▶ **Work order**: Images are to be dropped, and the rest of the data reproduced exactly.

▶ **Data extract**:
··········

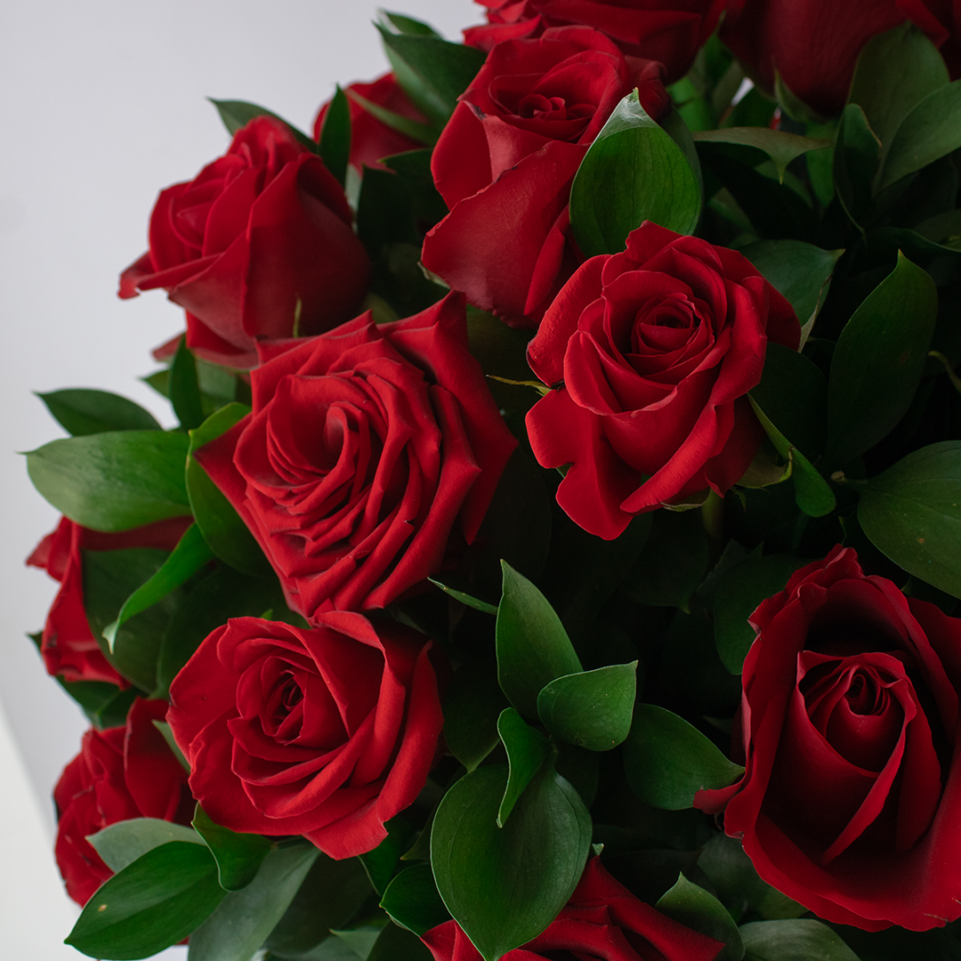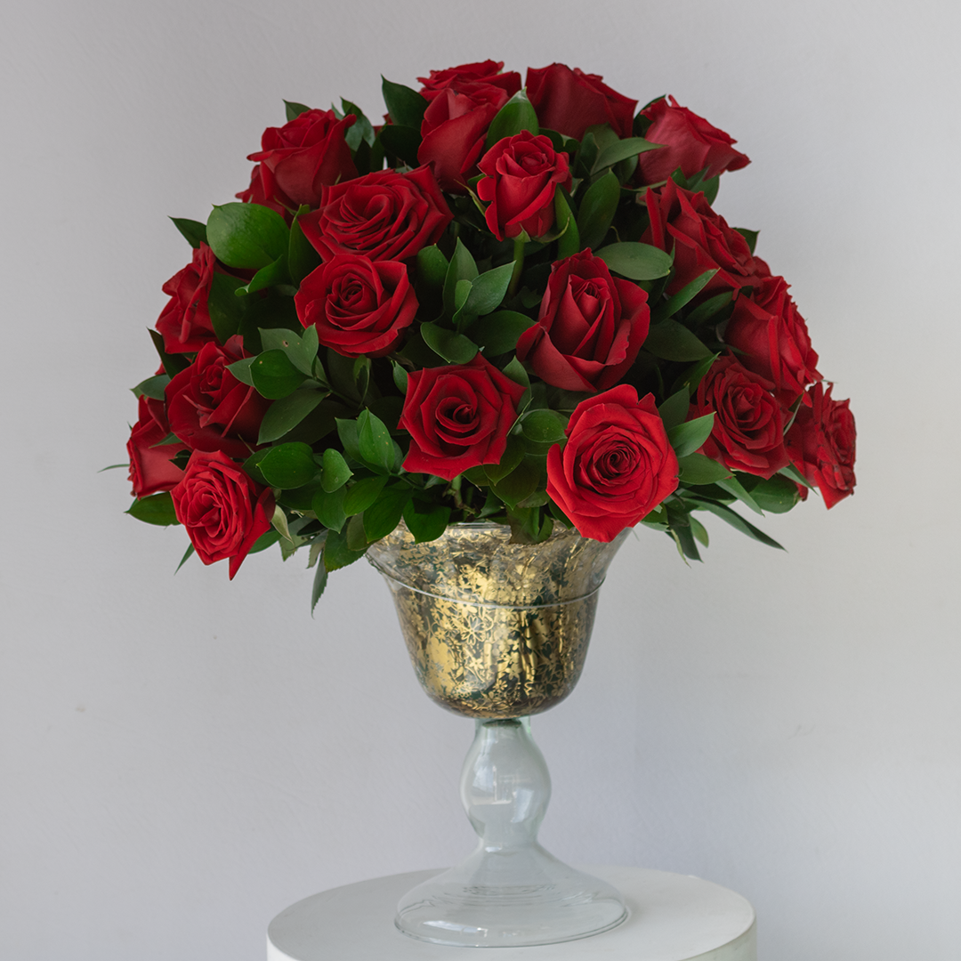 Arreglo floral elaborado con 36 rosas y follaje sobre un hermoso jarron de cristal. Un detalle sutil y elegante para sorprender en cualquier ocasión.
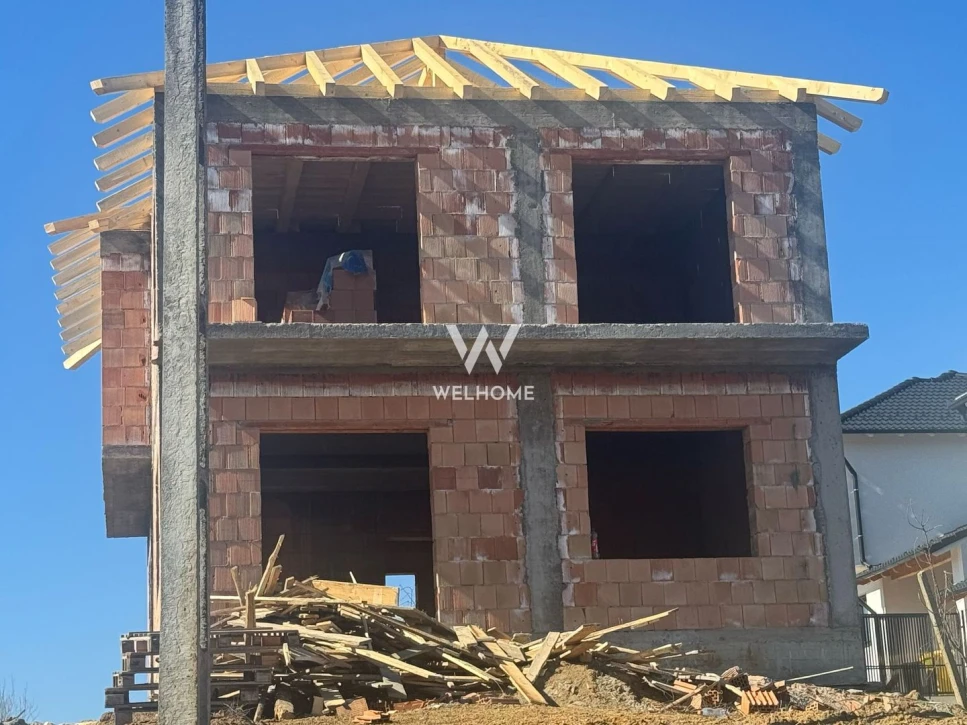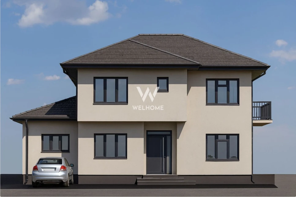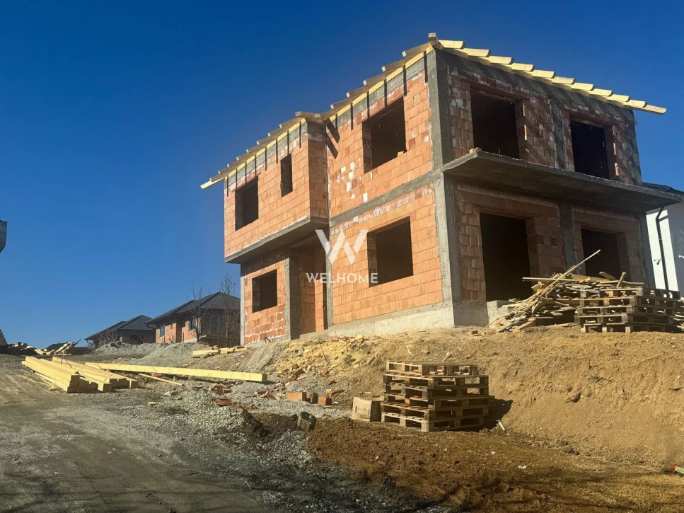 Stadiu de predare interior LA ALB (sapa, incalzire in pardoseala, lavabila) , exterior LA CHEIE (tencuiala decorativa ,pavaj, gard, poarta)
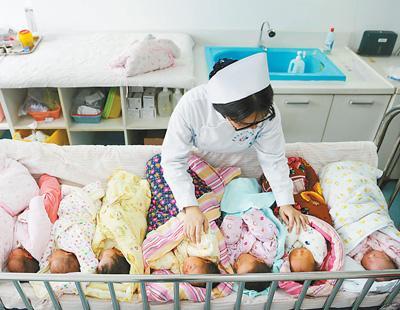 全面放开二孩政策以来,很多高龄妇女加入了生二孩的队伍,各地医院产科迎来婴儿出生潮。图为春节前夕,湖北襄阳第一人民医院产科护士在护理新生儿。陈文摄

··········

▶ **Worked solution**:
 Arreglo floral elaborado con 36 rosas y follaje sobre un hermoso jarron de cristal. Un detalle sutil y elegante para sorprender en cualquier ocasión.
 Stadiu de predare interior LA ALB (sapa, incalzire in pardoseala, lavabila) , exterior LA CHEIE (tencuiala decorativa ,pavaj, gard, poarta)
 全面放开二孩政策以来,很多高龄妇女加入了生二孩的队伍,各地医院产科迎来婴儿出生潮。图为春节前夕,湖北襄阳第一人民医院产科护士在护理新生儿。陈文摄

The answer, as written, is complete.